Для крестьянства в новой политической конфигурации не изменилось ничего. Более того, всё стало гораздо хуже. Сословные разграничения в стране полного равенства, очевидно, никуда не делись. А объявленное носителем буржуазной идеологии советское крестьянство пережило катастрофу раскулачивания и пытку коллективизацией, что в прямом смысле вывело огромный крестьянский мир из поля идеологической легитимности. Крестьянство оказалось буквально распято между сусальным образом принятого в советской культуре способом говорения о деревне и подлинной реальностью деревенской жизни, о трагедии которой говорить было строго запрещено. «Стиль советской деревни выстраивался из стилизованных под фольклор песен, исполняе­мых хором имени Пятницкого и Людмилой Зыкиной, – пишет современный российский фольклорист Светлана Адоньева (ст. «Шукшин документальный: техники тела и жизненные миры», 2017). – Но для советских людей, которые жили в деревне, нормативный образ деревни был как костюм с чужого плеча».
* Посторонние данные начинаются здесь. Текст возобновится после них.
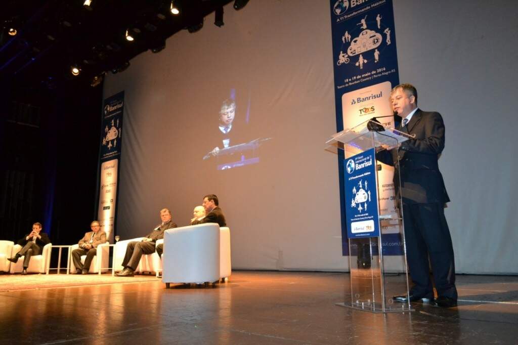 O presidente do Banrisul, Luiz Gonzaga Mota, fez a abertura da 9ª edição do Fórum Internacional de TI.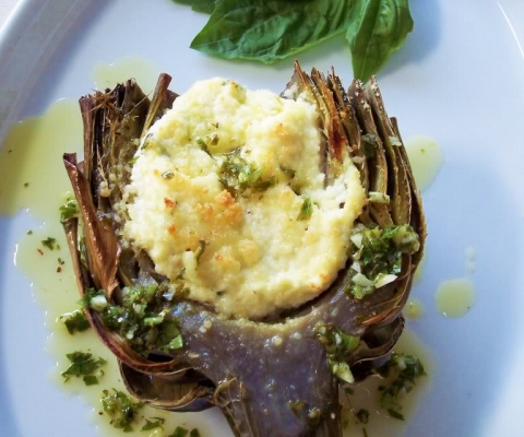 Ricotta Stuffed Artichokes with Lemon Herb Oil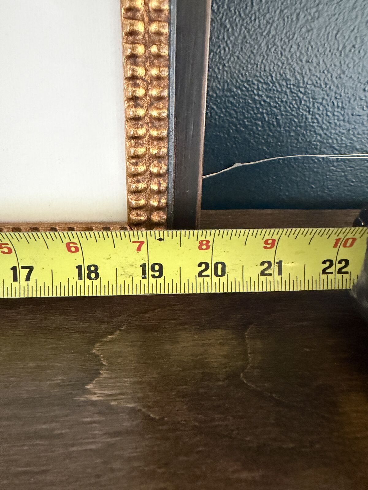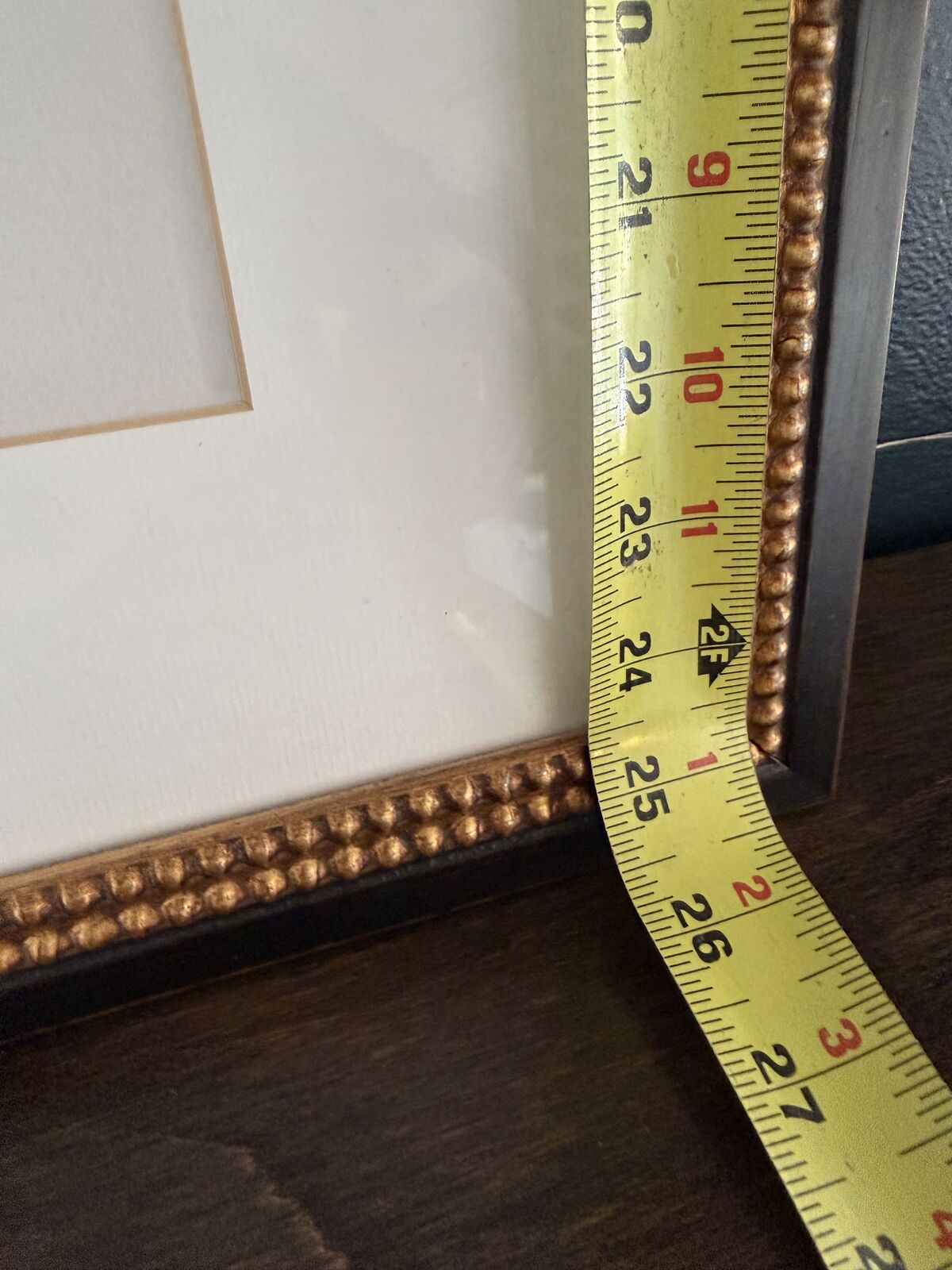 Frame: Metal frame with raised gold beading and dark edging, glass front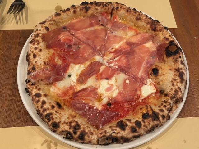 ピザはオリジナルのベッラドンナ。ワインは、ボトルメニュウもいろいろありましたが、今回はグラスで赤と白を。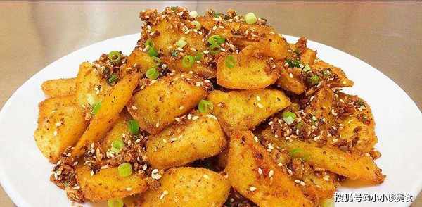 3.煎鍋倒入油,爆香薑末、孜然粒和幹紅辣椒。加入瀝幹的土豆塊,翻炒約兩分鐘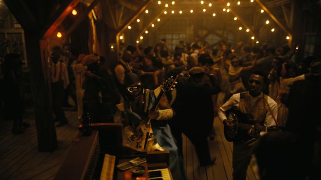 On the audio front, we have an equally impressive Dolby Atmos mix, which shouldn’t be all that shocking, really. I mean, after that theatrical run, did we expect it to sound terrible on disc? Dialog, screams, car engines, the echos of a church, a raging inferno, and some damn good music occupy this wall-to-wall mix. A lot of the appreciation for this Atmos track is in its subtleties. Simple conversations aren’t simple dialog exchanges. I loved Delroy Lindo’s moment telling his story as a Blues player and the tragedy of his partner’s lynching. As the story unfolds, there are these subtle sounds of partying and revelry peppered through the channels, just soft enough to be audible but not loud enough to dominate or distract. Throughout the film, there are moments like that where the subtle pieces of the mix get a moment to stand out. But when the big music scenes and the action/horror come in, the full spread hits the soundscape. Height channels get plenty of distinct uses that is purposeful. It’s not just noise coming out of the height channels to have noise. LFE is also impactful; all of the bass of the music and the hard hits and stomping feet give extra weight and attention to the action on screen and rattles your floors.

Именно в этот парадоксальный зазор между официозом и реальностью в конце 50‑х годов прошлого века и ворвались те, кого потом презрительно назовут «деревенщиками».

Их история началась со статьи Федора Абрамова «Люди колхозной деревни в послевоенной прозе», опубликованной в «Новом мире» в апреле 1954 года. Речь шла о том, что советские писатели «соревнуются между собой, кто легче и бездоказательнее изобразит переход колхоза от неполного благополучия к полному процветанию». «А ведь настоящая русская деревня, – напоминал Абрамов, – по-прежнему бьется на грани вымирания». Статья вызвала бешеный скандал. «Я трижды лауреат Сталинской премии! Я покажу этому Абрамову! Кто он такой?!» – орал Семён Бабаевский, на чей роман «Кавалер золотой звезды» замахнулся Абрамов. Последовали партийные «пропесочивания» и возмущенная критика братьев-­писателей. Между тем номера «Нового мира» со статьей Абрамова в библиотеках зачитывали до дыр. Правота автора была очевидна – создав «страну рабочих и крестьян», власти превратили последних в рабов города и социализма.
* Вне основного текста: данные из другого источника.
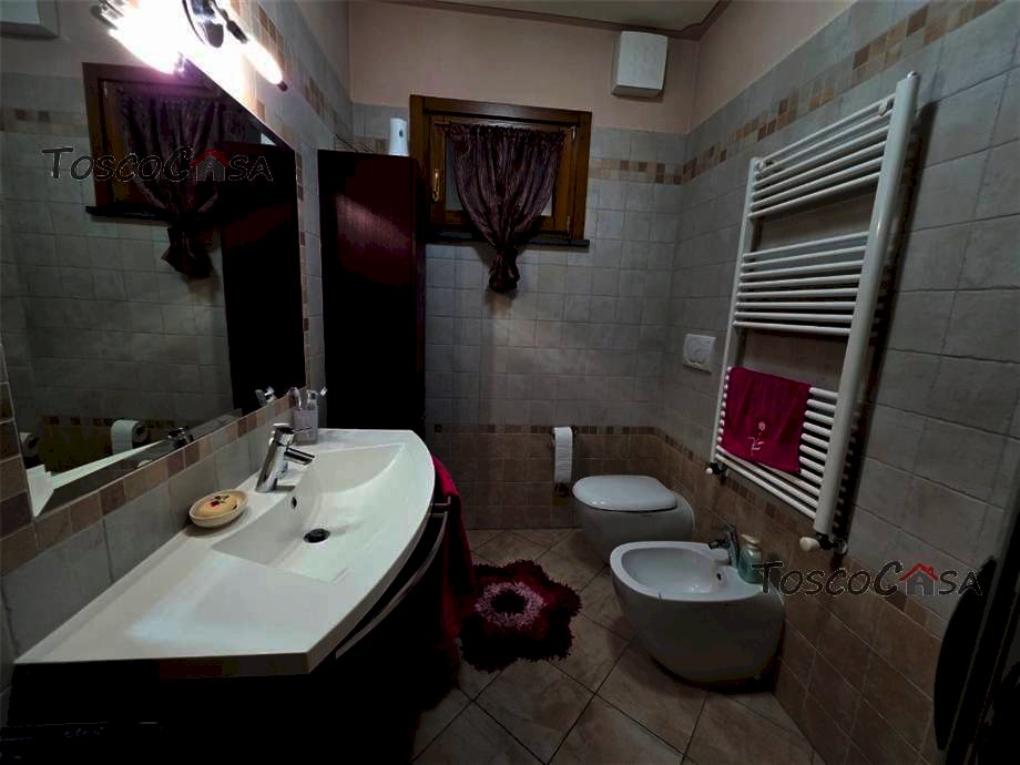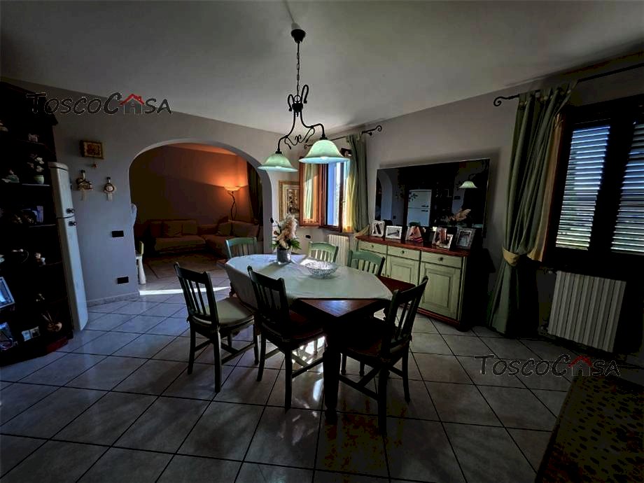 RIF1102 Fucecchio ottimo appartamento al piano primo, con ampi locali accessori al piano terra. L'appartamento con ottime rifiniture, è composto da ingresso, grande cucina/soggiorno con camino, camera matrimoniale, camera con guardaroba, cameretta/studio e bagno finestrato. Al piano terra collegato da scala interna troviamo due ampi vani con bagno e una grande tettoia adatta per cene o altro; completa la proprieta' l'uso di un' ampia zona verde a giardino. L'appartamento è pronto per essere abitato, ottime finiture e completo di zanzariere, condizionatori, addolcitore, allarme e aspirazione centralizzata. L'immobile adatto anche a genitori e figli che vogliono vivere insieme ma con indipendenza.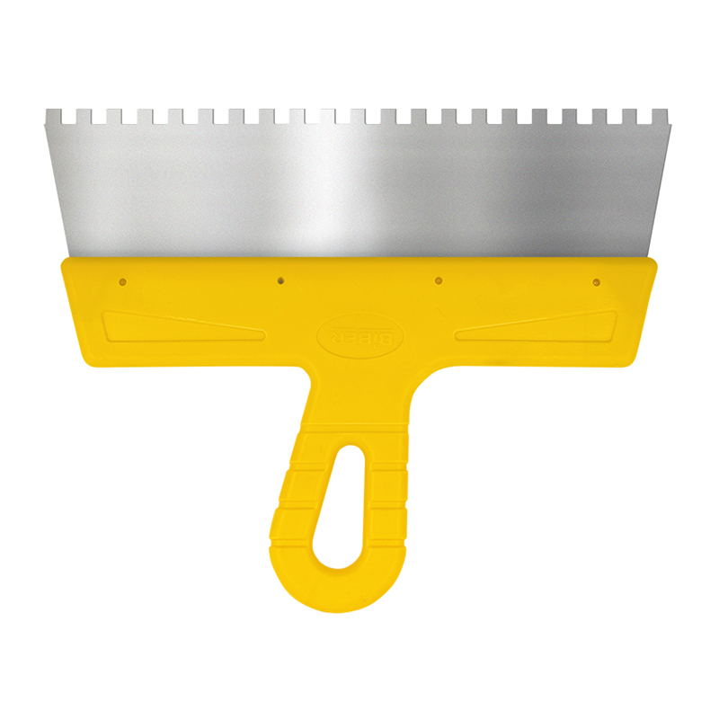 Предназначен для облицовочных работ. Полотно из нержавеющей стали. Пластмассовая рукоятка.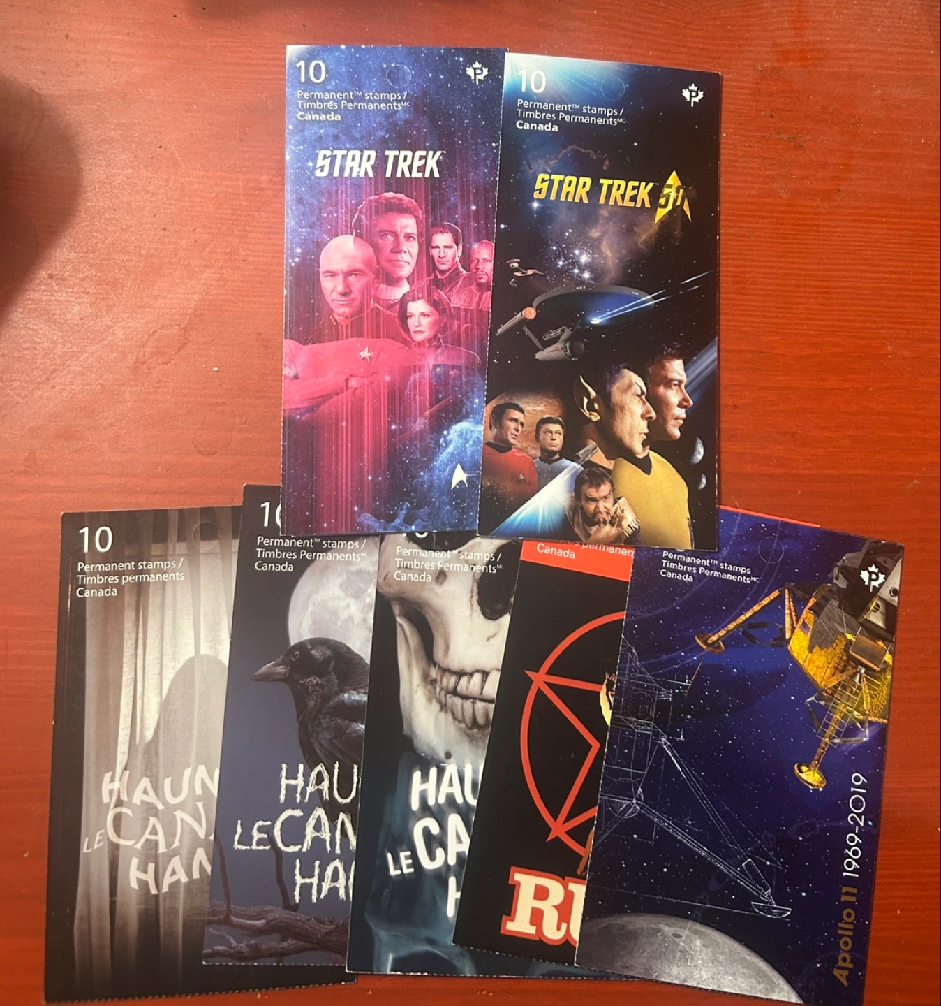 Selling a collection of 7Canada Post permanent stamp booklets! Includes Star Trek, Haunted Canada, and Apollo 11 designs. Each booklet contains 10 stamps. Great for collectors or anyone needing postage!

ХХ съезд КПСС должен был бы говорить именно об этом, но… «Программа строительства громадная. Но как будет жить народ? – писал Абрамов в дневнике. – Доход колхозников к 60‑му году вырастет на 40%. Каких колхозников, по отношению к чему? В Верколе получали на трудодень 200 гр. Неужели в 60‑м получат 280?»

 

Молчать стало невтерпеж

Пока коллеги песочили Абрамова, в устоявшейся культурной иерархии происходило нечто странное. С разных концов огромной страны (Алтай, Красноярский край, Архангельская область, Вологодчина) люди разной, но всегда трудной судьбы стали говорить об одном и том же – о трагедии русского народа. «Писателем я стал… по необходимости, – объяснял позже Василий Белов, – слишком накипело на сердце, молчать стало невтерпеж, горечь душила».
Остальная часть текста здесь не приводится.